What you will do → For the material below, the expected output is exactly the lines between the line holding "Оплата займов может" and the line holding "Комплект домашней системы", inclusive, with pictures left out.

Entries provided →
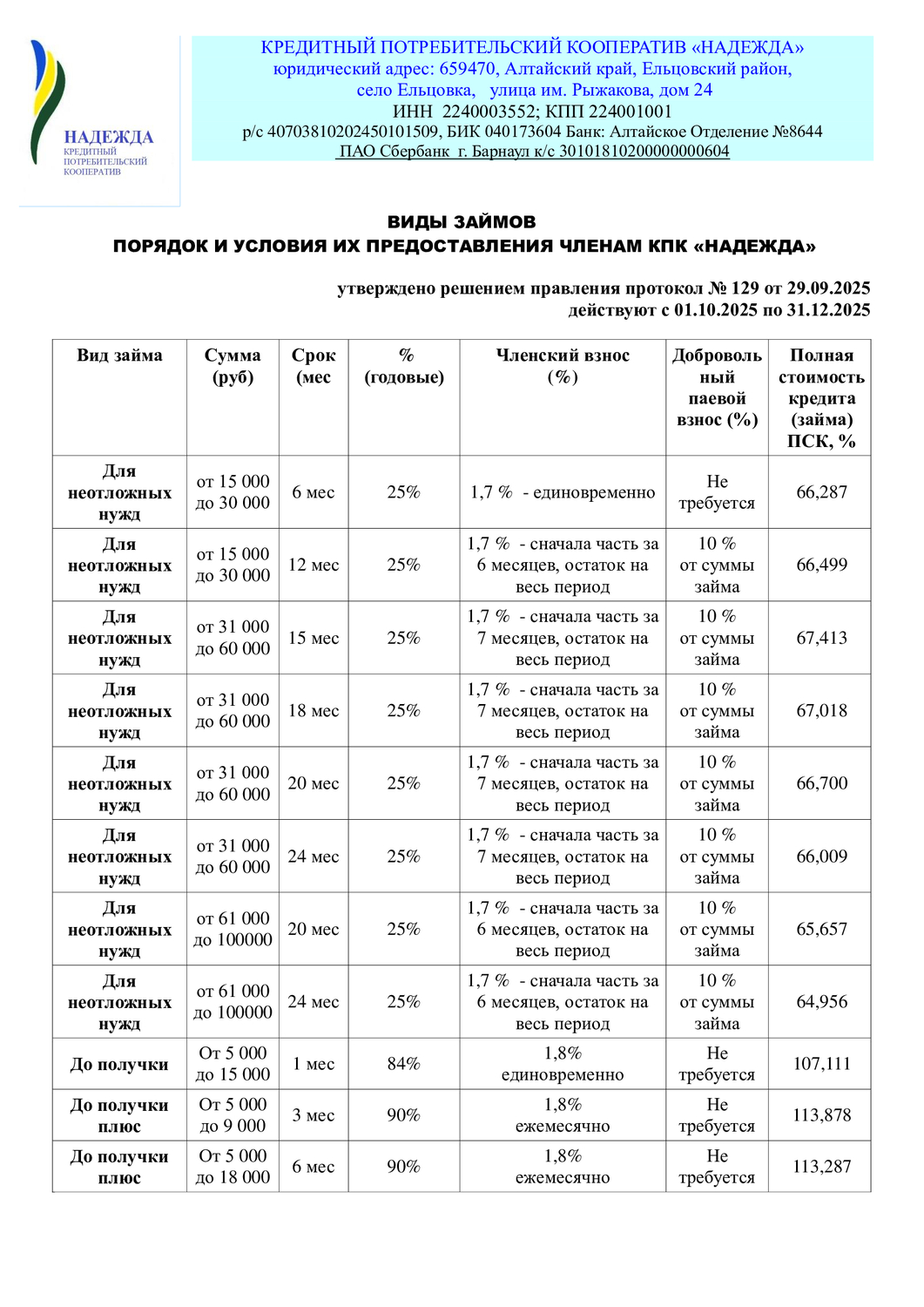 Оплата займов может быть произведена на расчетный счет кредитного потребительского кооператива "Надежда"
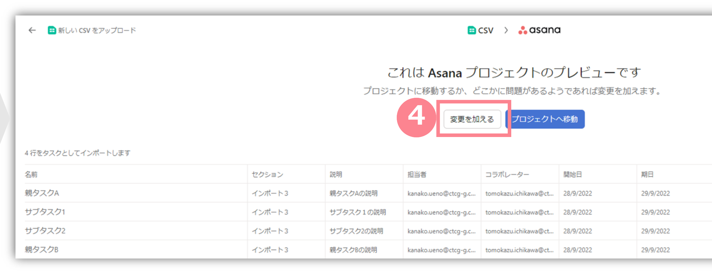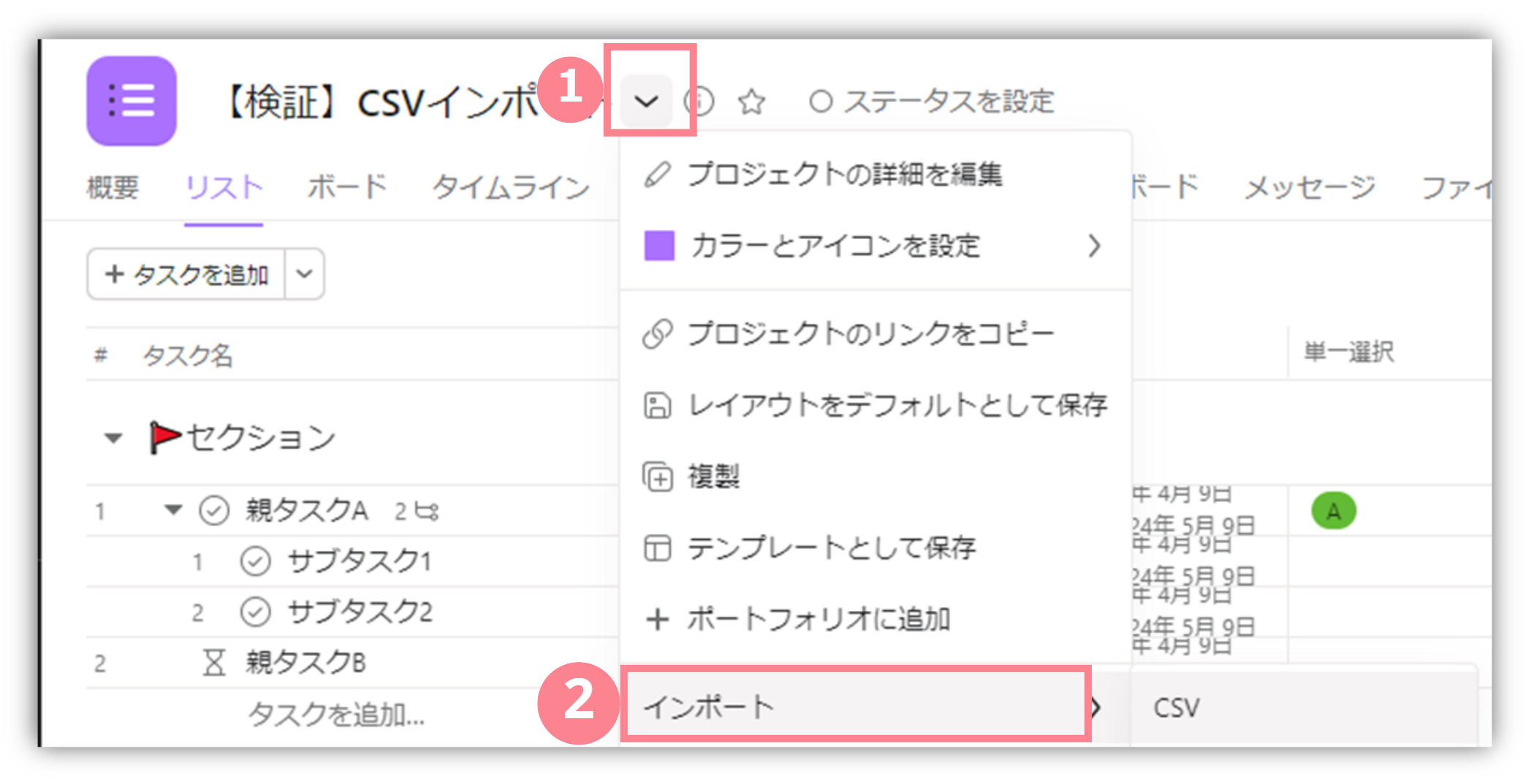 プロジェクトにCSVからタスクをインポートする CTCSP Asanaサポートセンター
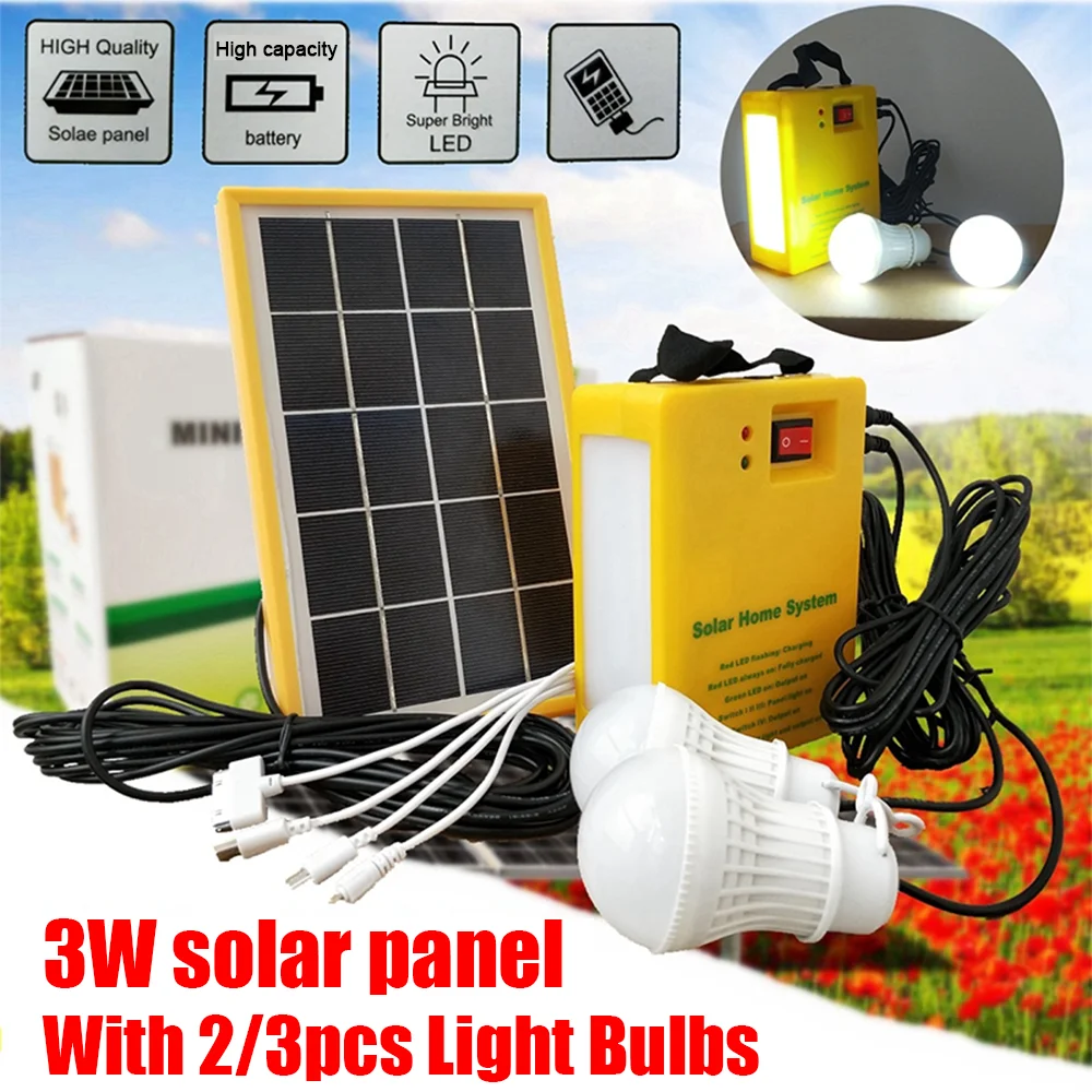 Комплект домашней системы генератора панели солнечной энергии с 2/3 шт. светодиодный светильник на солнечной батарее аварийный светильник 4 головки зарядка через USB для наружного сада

...

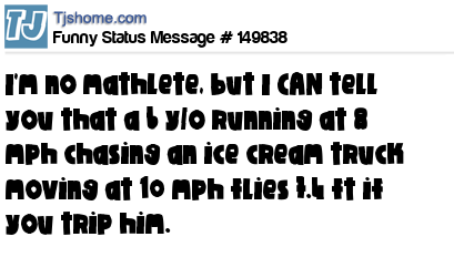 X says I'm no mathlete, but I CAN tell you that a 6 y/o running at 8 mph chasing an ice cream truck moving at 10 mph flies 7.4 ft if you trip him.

Answer to this exercise →
 Оплата займов может быть произведена на расчетный счет кредитного потребительского кооператива "Надежда"
 プロジェクトにCSVからタスクをインポートする CTCSP Asanaサポートセンター
 Комплект домашней системы генератора панели солнечной энергии с 2/3 шт. светодиодный светильник на солнечной батарее аварийный светильник 4 головки зарядка через USB для наружного сада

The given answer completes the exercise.